### [What is required]
In the data below, which lines hold "with"? Copy every one.

### [Material supplied]
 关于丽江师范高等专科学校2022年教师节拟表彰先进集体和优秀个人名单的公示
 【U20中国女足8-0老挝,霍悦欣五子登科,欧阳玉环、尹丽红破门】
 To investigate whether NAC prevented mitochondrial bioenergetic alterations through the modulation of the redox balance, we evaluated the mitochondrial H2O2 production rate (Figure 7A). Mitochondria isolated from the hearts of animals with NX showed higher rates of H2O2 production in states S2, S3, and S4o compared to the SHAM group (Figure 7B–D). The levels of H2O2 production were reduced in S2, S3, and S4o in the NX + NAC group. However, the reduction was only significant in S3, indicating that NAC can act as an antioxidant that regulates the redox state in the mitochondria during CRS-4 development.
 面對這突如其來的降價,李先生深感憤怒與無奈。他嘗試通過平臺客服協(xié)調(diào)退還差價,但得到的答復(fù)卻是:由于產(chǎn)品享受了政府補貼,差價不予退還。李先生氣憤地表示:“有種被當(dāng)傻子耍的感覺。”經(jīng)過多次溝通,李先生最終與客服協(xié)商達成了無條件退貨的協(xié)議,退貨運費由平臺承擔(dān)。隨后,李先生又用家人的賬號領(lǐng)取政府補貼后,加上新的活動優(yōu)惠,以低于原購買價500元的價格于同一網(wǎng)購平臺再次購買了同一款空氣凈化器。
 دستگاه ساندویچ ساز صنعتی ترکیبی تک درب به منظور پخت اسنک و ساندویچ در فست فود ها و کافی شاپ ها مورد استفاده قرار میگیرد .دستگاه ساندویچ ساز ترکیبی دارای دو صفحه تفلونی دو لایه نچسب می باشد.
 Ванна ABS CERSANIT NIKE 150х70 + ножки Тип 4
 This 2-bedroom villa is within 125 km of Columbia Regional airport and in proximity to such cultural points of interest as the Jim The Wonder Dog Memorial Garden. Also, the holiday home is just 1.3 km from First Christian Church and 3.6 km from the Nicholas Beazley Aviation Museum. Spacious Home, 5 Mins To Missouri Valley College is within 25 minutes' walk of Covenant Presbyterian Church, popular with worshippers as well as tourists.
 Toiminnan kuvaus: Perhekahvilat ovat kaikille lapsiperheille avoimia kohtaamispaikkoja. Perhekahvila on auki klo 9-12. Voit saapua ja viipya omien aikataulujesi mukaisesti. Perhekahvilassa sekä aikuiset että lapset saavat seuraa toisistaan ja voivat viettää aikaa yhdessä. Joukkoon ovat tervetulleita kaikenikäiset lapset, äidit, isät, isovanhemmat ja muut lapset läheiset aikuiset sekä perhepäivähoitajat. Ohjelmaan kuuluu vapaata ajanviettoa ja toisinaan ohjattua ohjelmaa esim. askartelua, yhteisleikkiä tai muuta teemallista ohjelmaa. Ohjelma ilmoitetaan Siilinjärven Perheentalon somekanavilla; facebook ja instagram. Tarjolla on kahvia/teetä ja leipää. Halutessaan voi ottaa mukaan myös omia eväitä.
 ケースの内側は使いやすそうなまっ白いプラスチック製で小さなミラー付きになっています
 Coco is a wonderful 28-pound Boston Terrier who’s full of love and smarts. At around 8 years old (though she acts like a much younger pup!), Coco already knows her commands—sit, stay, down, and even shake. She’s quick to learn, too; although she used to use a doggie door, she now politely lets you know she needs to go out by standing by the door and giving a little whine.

### [Answer box]
 To investigate whether NAC prevented mitochondrial bioenergetic alterations through the modulation of the redox balance, we evaluated the mitochondrial H2O2 production rate (Figure 7A). Mitochondria isolated from the hearts of animals with NX showed higher rates of H2O2 production in states S2, S3, and S4o compared to the SHAM group (Figure 7B–D). The levels of H2O2 production were reduced in S2, S3, and S4o in the NX + NAC group. However, the reduction was only significant in S3, indicating that NAC can act as an antioxidant that regulates the redox state in the mitochondria during CRS-4 development.
 This 2-bedroom villa is within 125 km of Columbia Regional airport and in proximity to such cultural points of interest as the Jim The Wonder Dog Memorial Garden. Also, the holiday home is just 1.3 km from First Christian Church and 3.6 km from the Nicholas Beazley Aviation Museum. Spacious Home, 5 Mins To Missouri Valley College is within 25 minutes' walk of Covenant Presbyterian Church, popular with worshippers as well as tourists.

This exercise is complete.